Obama warns of strange times in Madiba tribute

Former US president Barack Obama
Former US president Barack Obama
Image: Alon Skuy

Former US president Barack Obama used a tribute to Nelson Mandela to warn that the world had plunged into strange and uncertain times and that the politics of fear and resentment were spreading, driven by leaders who scorned facts and told lies with an “utter loss of shame”.

He said there had been a reversal of the freedom and democracy that swept the globe when Mandela was freed from prison in 1990 and the Berlin Wall came crashing down in 1989.

The democratic and economic gains that were achieved were slowly being erased by authoritarian regimes that did not respect human rights and by global corporates that put profits before people.

“An entire generation has grown up in a world that has got steadily freer‚ wealthier‚ less violent and more tolerant during the course of their lives,” Obama told the crowd of about 15,000 who came to hear him speak at the Wanderers Stadium in Johannesburg on Tuesday.

“It should make us hopeful‚ but if we can’t deny the real strides our world has made since that moment when Madiba took steps out of confinement‚ we have to recognise ways in which the international order has fallen short of its promises.” He also blasted climate-change denial, racebased migration policies, unbridled capitalism and “strongman politics”.

“Just as people spoke about the triumph of democracy in the ’90s, people now are talking about the triumph of tribalism and the strong man.

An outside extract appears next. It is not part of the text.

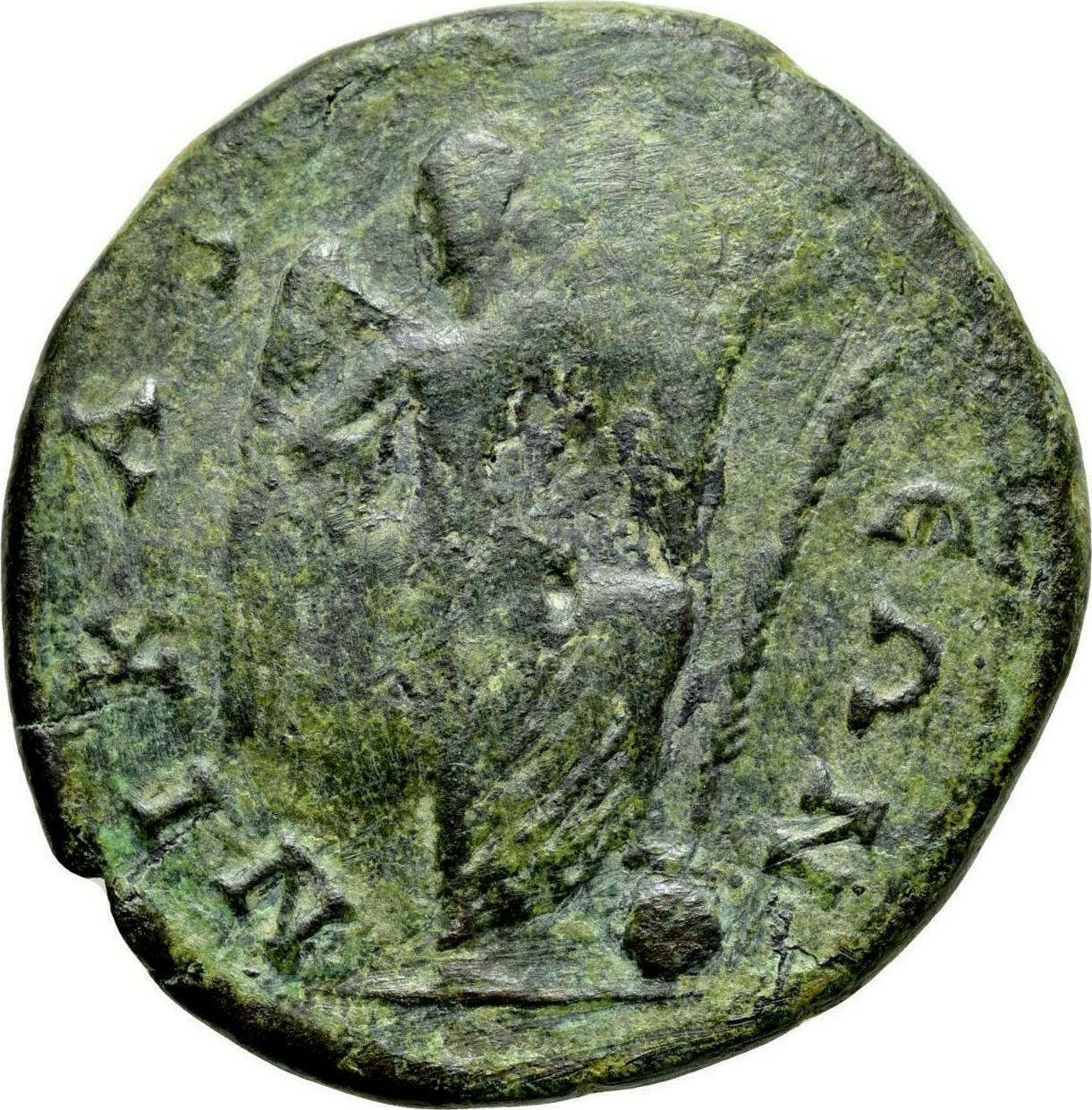 Nike standing facing, head left, foot on globe on top of which a palm, holding parazonium ? in her left

“But we need to resist that cynicism.

“Countries that rely on nationalism‚ xenophobia and racial superiority – those countries find themselves consumed by civil war or external war.

“Technology cannot be put back in a bottle. We are stuck with the fact that we live closer together and populations are moving.

“The only way to address climate change‚ mass migration‚ pandemic disease is to develop more international cooperation‚ not less.”

Obama was welcomed by chants of “yes we can”, a reference to the slogan that swept him to the White House back in 2008, as he took to the podium to deliver the Nelson Mandela Annual Lecture‚ the centrepiece event of celebrations 100 years since Mandela’s birth.

He shared the stage with President Cyril Ramaphosa‚ Mandela’s widow Graça Machel‚ businessman Patrice Motsepe and Nelson Mandela Foundation trustee Njabulo Ndebele.

“Given the strange and uncertain times we are in, where each day’s news cycles bring more head-spinning and disturbing headlines, I thought maybe it would be useful to step back for a moment and get some perspective,” he said.

“It is in part because of the failures of governments and powerful elites that we now see much of the world threatening to return to an older, more dangerous, more brutal way of doing business.”

On climate change, he said: “You have to believe in facts; without facts there is no basis for co-operation.

“I can’t find common ground if someone says climate change is just not happening when almost all the world’s scientists tell us it is.

“If you start [by] saying it is an elaborate hoax, where do we start?”

And he drew laughter from the crowd with the line: “Politics today seems to reject the very concept of objective truth – people just make stuff up.

“We see the utter loss of shame among political leaders who are caught in a lie and they just double down and lie some more.”

Tuesday’s speech came on the eve of Mandela Day, which is marked around the world every year on July 18.

Obama has made relatively few public appearances since leaving the White House in 2017, but he has often credited Mandela for being one of the great inspirations in his life.

He will also host a town hall event in Johannesburg on Wednesday for 200 young leaders selected from across Africa.